For galling aphids and their hosts, tannins are crucial for plant-insect interactions and for protecting the host plant from herbivory. Due to their peculiar chemical characteristics, tannins from plant galls have been used for medical and chemical purposes for more than 2000 years. In this study, hydrolyzable tannin concentrations in galls increased from gall initiation (38.34% on June 21) to maturation (74.79% on August 8), then decreased gradually thereafter (58.83% on October 12). We identified a total of 81 genes (named as GTS1-81) with putative roles in gallotannin biosynthesis and 22 genes (TS1-22) in condensed tannin biosynthesis. We determined the expression profiles of these genes by real-time PCR over the course of gall development. Multiple genes encoding 1-beta-D-glucosyl transferases were identified, which may play a vital role in gallotannin accumulation in plant galls. This study is the first attempt to examine the molecular basis for the regulation of tannin accumulation in insect gallnuts. The differentially expressed genes we identified may play important roles in both tannin biosynthesis and plant-insect interactions.

Gall development and clone dynamics of the galling aphid Schlechtendalia chinensis (Hemiptera: Pemphigidae).

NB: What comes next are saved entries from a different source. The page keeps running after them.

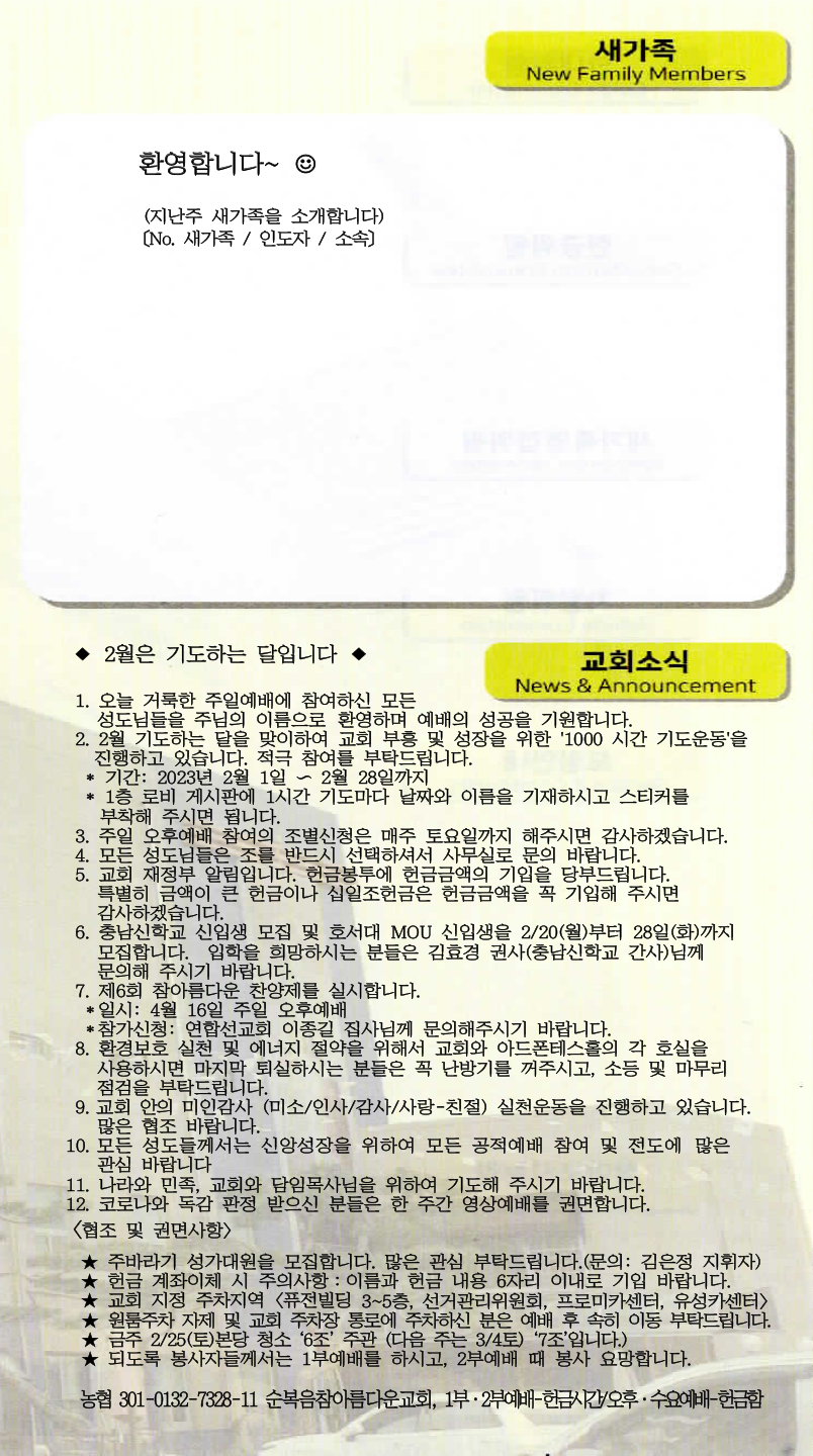 | [주 보|교회소식] 2023.02.05 (0) | 2023.02.04 |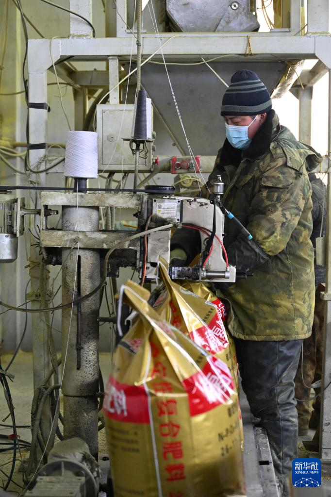 3月1日,在铁岭县辽宁东北丰专用肥有限公司,工作人员在给化肥包装封袋。 近日,辽宁省铁岭县积极开展春耕备耕物资的运输、生产及对农民培训工作,为新一年的农业生产打好基础。 新华社记者 杨青 摄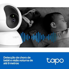 Detecção de choro de bebê com visão noturna avançada Seu segundo par de olhos e ouvidos Com visão noturna avançada, até 9 metros, e detecção de choro do bebê, a Câmera Tapo TC70 ajuda a cuidar do sono das crianças.

The aphid Schlechtendalia chinensis (Bell) induces galls on its primary host, Rhus chinensis Mill. We studied temporal changes in gall and aphid clonal population size throughout the period of gall development. Gall-size changes occurred in four stages: a first slow growth period, a fast growth period, a second slow growth period, and a growth reduction period. Gall volume and surface area increased abruptly toward the end of July, peaking during October, in parallel with an increase in aphid clonal population size, from one individual to > 10,000 aphids per gall. Clear changes were seen in the clone dynamics of S. chinensis. Fundatrix began to produce first-generation apterous fundatrigenia during late May to early June. Second-generation apterous fundatrigenia appeared at the start of July. Alate fundatrigeniae with wing pads first appeared at the end of August, but accounted for < 1% of the individuals in the galls. Adult alate fundatrigeniae first appeared at the start of October. Abrupt changes in aphid density and crowding might trigger the induction of alate morphs in the galls. Of the eight gall properties that we recorded, gall volume was the most accurate measure of gall fitness.